- Other names: Platelet factor X receptor deficiency
- This condition is inherited in an autosomal recessive manner

= Scott syndrome =

Scott syndrome is a rare congenital bleeding disorder that is due to a defect in a platelet mechanism required for blood coagulation.

Normally when a vascular injury occurs (i.e., a cut, scrape or other injury that causes bleeding), platelets are activated and phosphatidylserine (PS) in the inner leaflet of the platelet membrane is transported to the outer leaflet of the platelet membrane, where it provides a binding site for plasma protein complexes that are involved in the conversion of prothrombin to thrombin, such as factor VIIIa-IXa (tenase) and factor Va-Xa (prothrombinase).

In Scott syndrome, the mechanism for translocating PS to the platelet membrane is defective, resulting in impaired thrombin formation. A similar defect in PS translocation has also been demonstrated in Scott syndrome red blood cells and Epstein–Barr virus transformed lymphocytes, suggesting that the defect in Scott syndrome reflects a mutation in a stem cell that affects multiple hematological lineages.

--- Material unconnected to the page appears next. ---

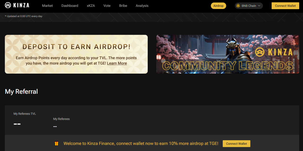 Kinza 是一个为 DeFi 生态系统构建的借贷协议,旨在连接流动性的需求和供应,以创建最佳的链上货币市场。它是 BNB 链上的协议, 2023 年 8 月获得 Binance Labs 的融资,根据该项目的代币经济学, 5% 用于空投。
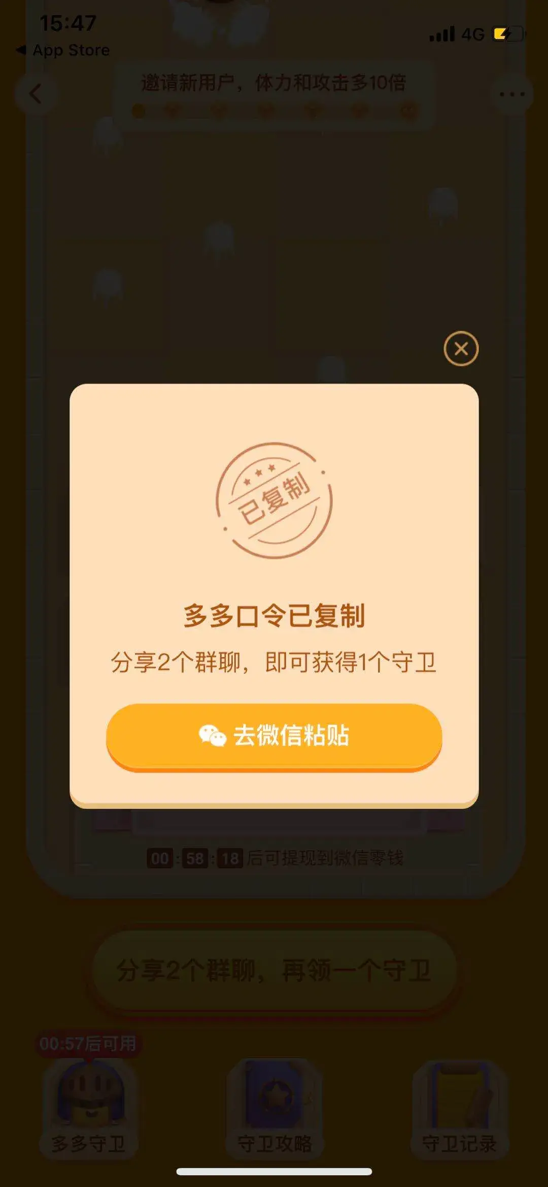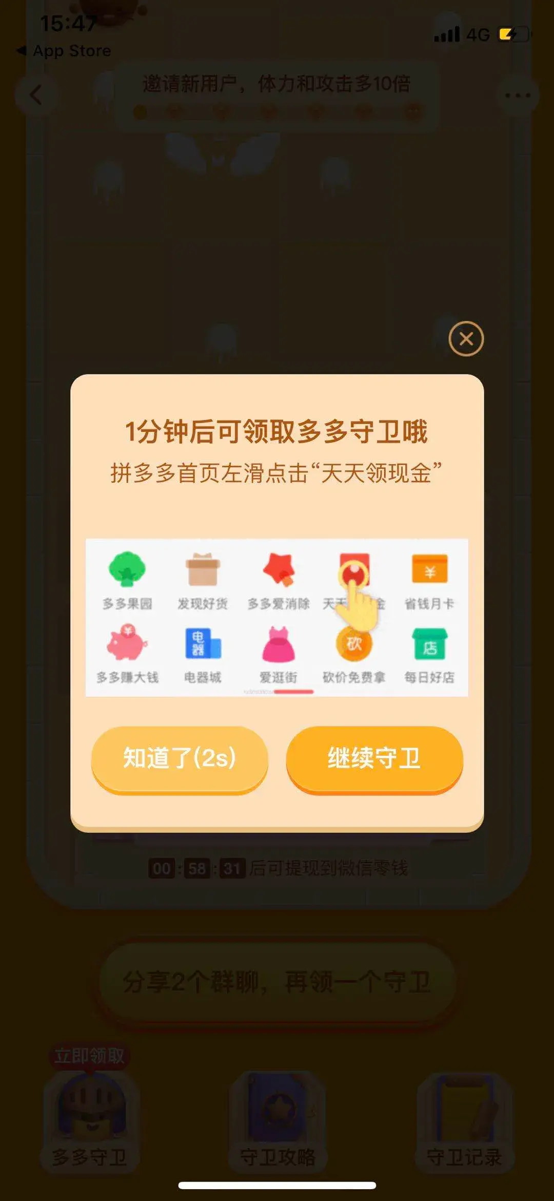 福袋和游戏守卫玩法,通过邀请好友,增加奖励金和守卫数量来提升自我奖励。在拼多多里面,内部有以优惠、领现金为主导的拉新玩法。

The basis for the defect in PS translocation is, at present, unknown. A candidate protein, scramblase, that may be involved in this process appears to be normal in Scott syndrome platelets. Other possible defects in PS translocation, reported in some patients, require further study. The initially reported patient with Scott syndrome has been found to have a mutation at a splice-acceptor site of the gene encoding anoctamin 6 (ANO6, transmembrane protein 16F, TMEM16F). At present, the only treatment for episodes of bleeding is the transfusion of normal platelets.